Copyright (c) 2009, Taylor R. Campbell
Redistribution and use in source and binary forms, with or without modification, are permitted provided that the following conditions are met:
- Redistributions of source code must retain the above copyright notice, this list of conditions and the following disclaimer.
- Redistributions in binary form must reproduce the above copyright notice, this list of conditions and the following disclaimer in the documentation and/or other materials provided with the distribution.
- Neither the names of the authors nor the names of contributors may be used to endorse or promote products derived from this software without specific prior written permission.
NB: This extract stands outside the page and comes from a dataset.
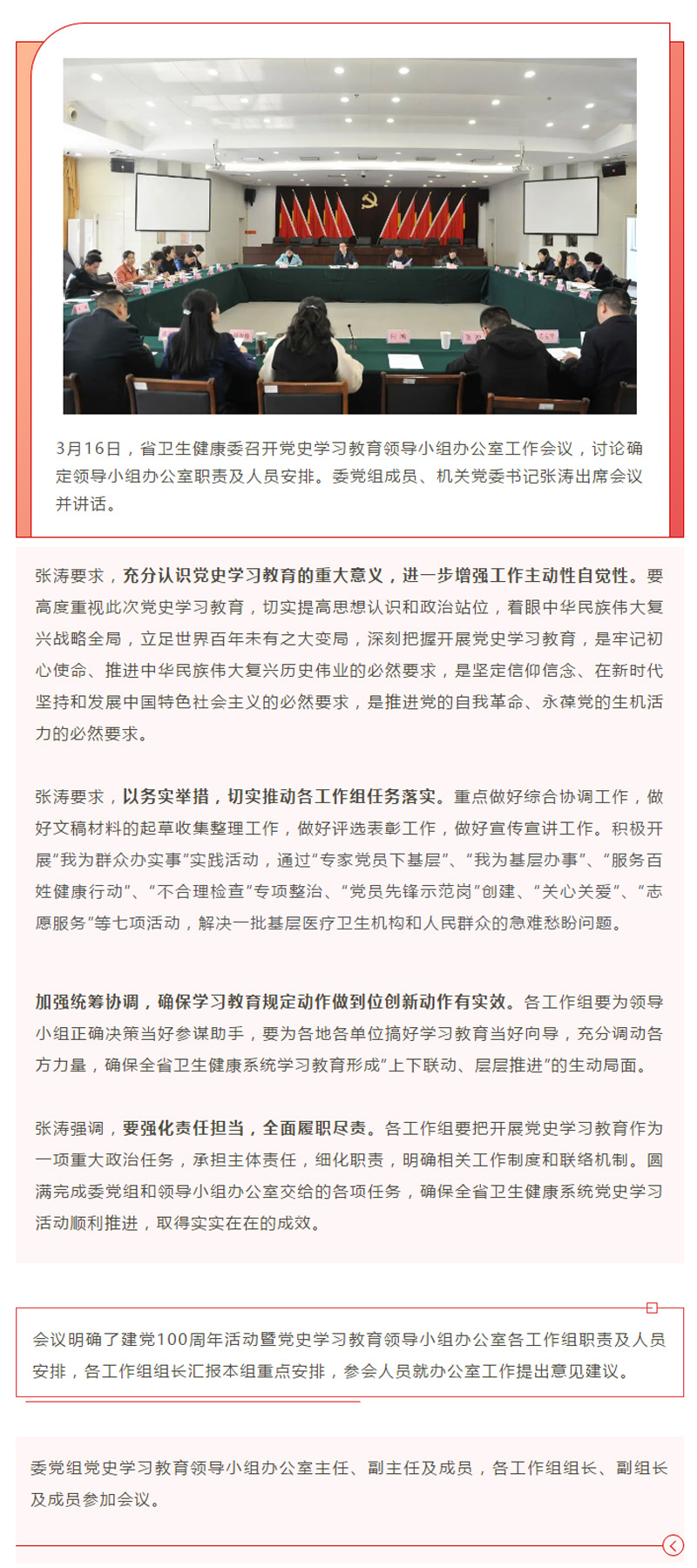 【安排部署】人员一股绳 工作一盘棋!省卫健委召开党史学习教育领导小组工作会议

THIS SOFTWARE IS PROVIDED BY THE AUTHORS ``AS IS'' AND ANY EXPRESS OR IMPLIED WARRANTIES, INCLUDING, BUT NOT LIMITED TO, THE IMPLIED WARRANTIES OF MERCHANTABILITY AND FITNESS FOR A PARTICULAR PURPOSE ARE DISCLAIMED. IN NO EVENT SHALL THE AUTHORS BE LIABLE FOR ANY DIRECT, INDIRECT, INCIDENTAL, SPECIAL, EXEMPLARY, OR CONSEQUENTIAL DAMAGES (INCLUDING, BUT NOT LIMITED TO, PROCUREMENT OF SUBSTITUTE GOODS OR SERVICES; LOSS OF USE, DATA, OR PROFITS; OR BUSINESS INTERRUPTION) HOWEVER CAUSED AND ON ANY THEORY OF LIABILITY, WHETHER IN CONTRACT, STRICT LIABILITY, OR TORT (INCLUDING NEGLIGENCE OR OTHERWISE) ARISING IN ANY WAY OUT OF THE USE OF THIS SOFTWARE, EVEN IF ADVISED OF THE POSSIBILITY OF SUCH DAMAGE.